## Task objective
Repeat exactly what runs from the line containing "ชุดลำลองผ้าไทยดอกชมพูกางเกงชมพูA" through the last line of the material below. Do not copy the pictures.

★ ★ ★ ★ ★

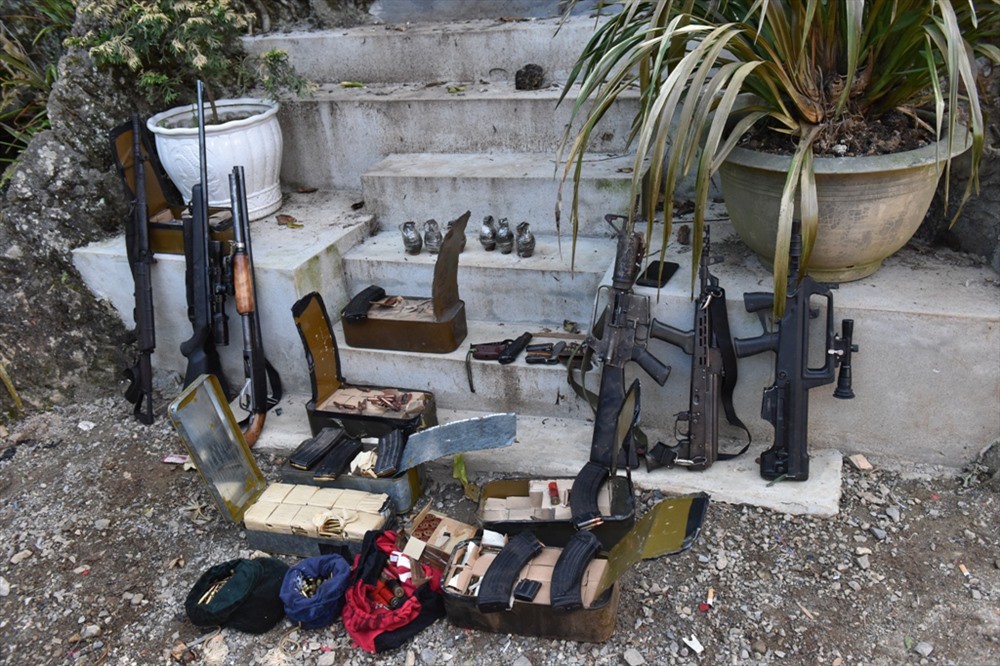 Khám nghiệm hiện trường, ngoài một kho vũ khí gồm 49 khẩu súng quân dụng các loại, 19 quả lựu đạn, 29 ống giảm thanh và ống ngắm, 31 hộp tiếp đạn các loại bên trong chứa đầy đạn, hơn gần 7.000 viên đạn các loại công an còn thu giữ 11 can xăng, 37 bình gas và nhiều vật chứng khác có liên quan.
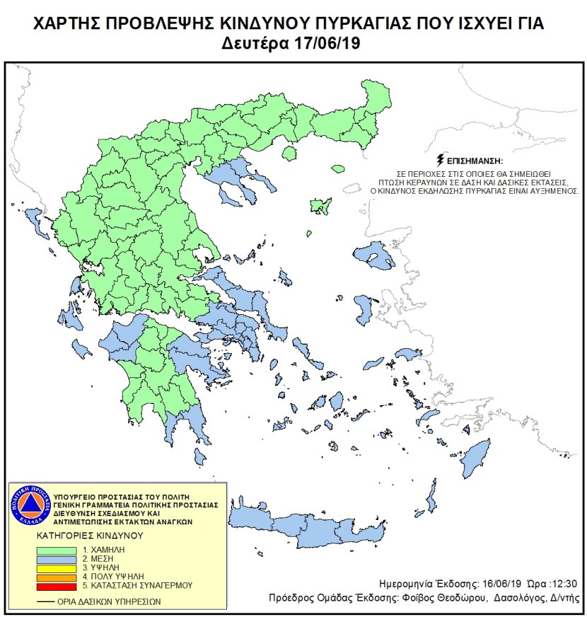 Ημερήσιος Χάρτης Πρόβλεψης Κινδύνου Πυρκαγιάς 17/06/2019
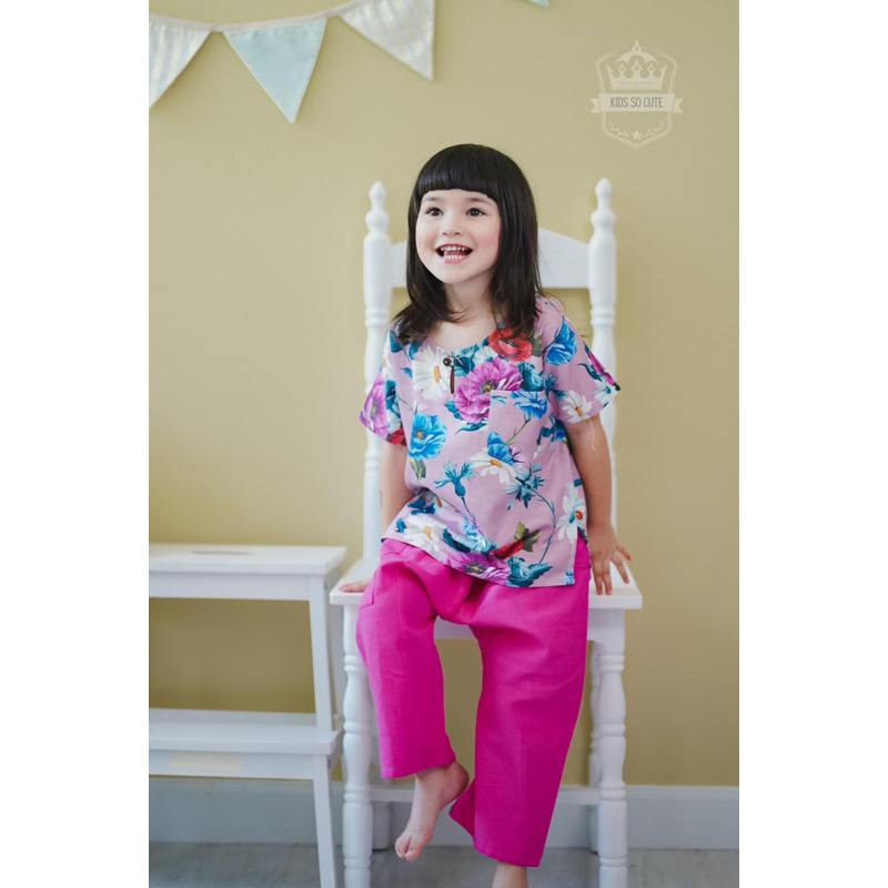 ชุดลำลองผ้าไทยดอกชมพูกางเกงชมพูA
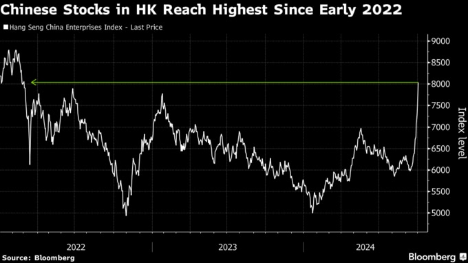 こうした急上昇を受け、中国株は今年これまでのところ主要市場で最良のパフォーマンスを記録。中国株は、経済の不振と長引く不動産市場の低迷を背景に、ここ数年間の大半にわたって低調だったが、著しい変化が訪れている。
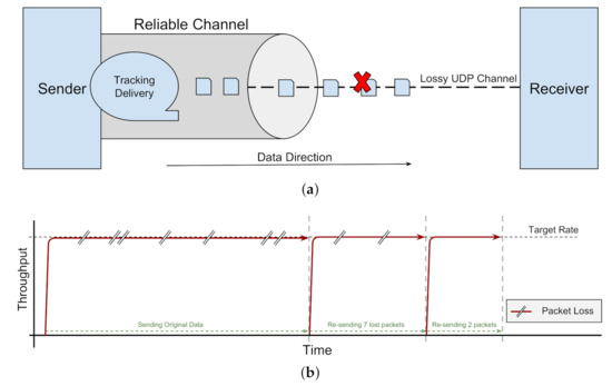 - He, E.; Leigh, J.; Yu, O.; DeFanti, T.A. Reliable Blast UDP: Predictable High Performance Bulk Data Transfer. In CLUSTER ’02, Proceedings of the IEEE International Conference on Cluster Computing, Chicago, IL, USA, 26 September 2002; IEEE Computer Society: Washington, DC, USA, 2002; p. 317. [Google Scholar]
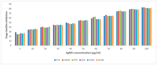 The use of NPs in inhibiting biofilms has been previously documented for various bacteria [79,80,81]. This study indicated the potential of AgNPs to inhibit biofilm production at concentrations of 75 and 100 µg/mL, and the percentage of inhibition was 80.8–82.8% at the highest AgNP concentrations. The inhibitory effect of AgNPs was previously reported by Siddique, Aslam [81] on biofilm production by Klebsiella pneumoniae isolates. The results revealed 23–86% inhibition in the presence of different concentrations of AgNPs due to the disruption of the EPS matrix. Moreover, other studies reported 89% and 75% biofilm inhibition in Staphylococcus aureus and Escherichia coli, respectively [82]. Studies also demonstrated that nanosized silver (at the size of 100 nM) resulted in a 95% reduction in biofilm production by Pseudomonas aeruginosa due to the disruption of the EPS matrix [83].
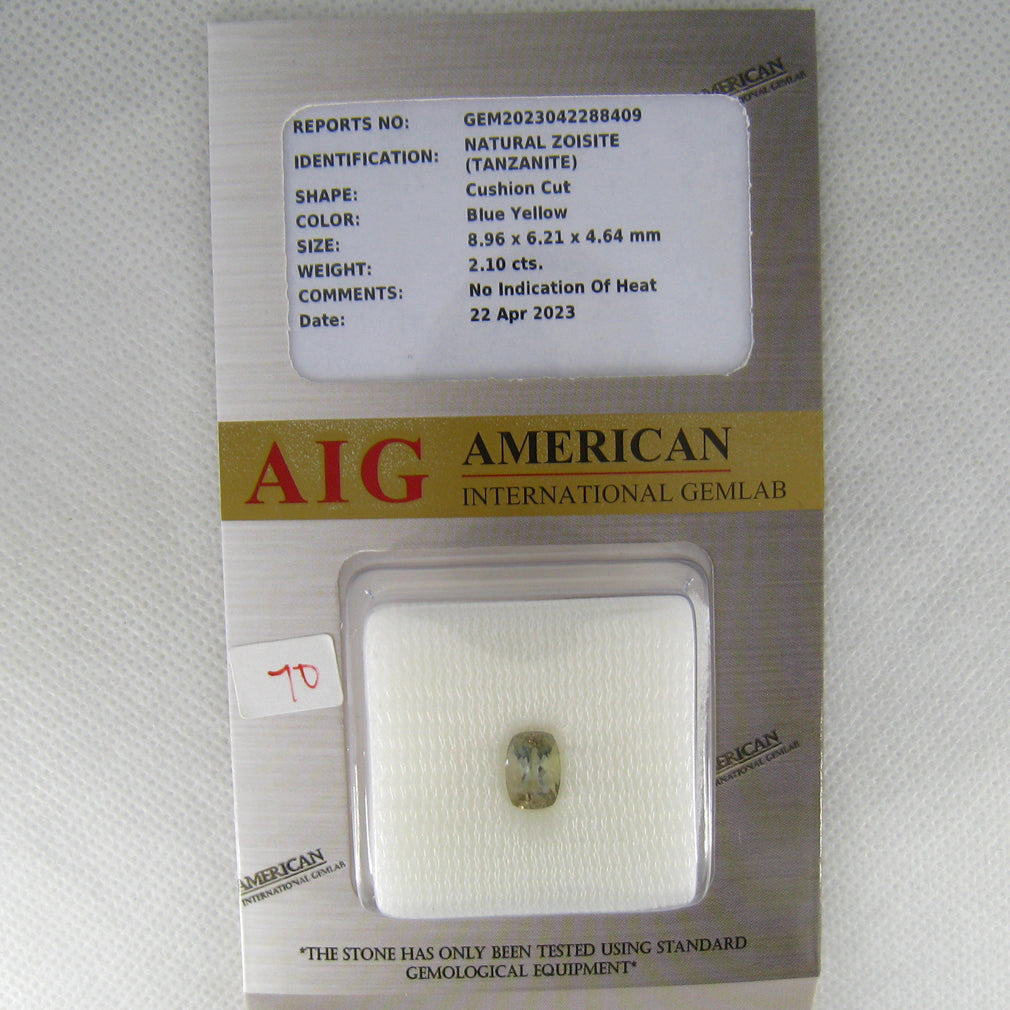 2.10 ct AIG Certified Cushion (8.96 x 6.21 mm) Blue Yellow Tanzanite

★ ★ ★ ★ ★

## Solution for this task
 ชุดลำลองผ้าไทยดอกชมพูกางเกงชมพูA
 こうした急上昇を受け、中国株は今年これまでのところ主要市場で最良のパフォーマンスを記録。中国株は、経済の不振と長引く不動産市場の低迷を背景に、ここ数年間の大半にわたって低調だったが、著しい変化が訪れている。
 - He, E.; Leigh, J.; Yu, O.; DeFanti, T.A. Reliable Blast UDP: Predictable High Performance Bulk Data Transfer. In CLUSTER ’02, Proceedings of the IEEE International Conference on Cluster Computing, Chicago, IL, USA, 26 September 2002; IEEE Computer Society: Washington, DC, USA, 2002; p. 317. [Google Scholar]
 The use of NPs in inhibiting biofilms has been previously documented for various bacteria [79,80,81]. This study indicated the potential of AgNPs to inhibit biofilm production at concentrations of 75 and 100 µg/mL, and the percentage of inhibition was 80.8–82.8% at the highest AgNP concentrations. The inhibitory effect of AgNPs was previously reported by Siddique, Aslam [81] on biofilm production by Klebsiella pneumoniae isolates. The results revealed 23–86% inhibition in the presence of different concentrations of AgNPs due to the disruption of the EPS matrix. Moreover, other studies reported 89% and 75% biofilm inhibition in Staphylococcus aureus and Escherichia coli, respectively [82]. Studies also demonstrated that nanosized silver (at the size of 100 nM) resulted in a 95% reduction in biofilm production by Pseudomonas aeruginosa due to the disruption of the EPS matrix [83].
 2.10 ct AIG Certified Cushion (8.96 x 6.21 mm) Blue Yellow Tanzanite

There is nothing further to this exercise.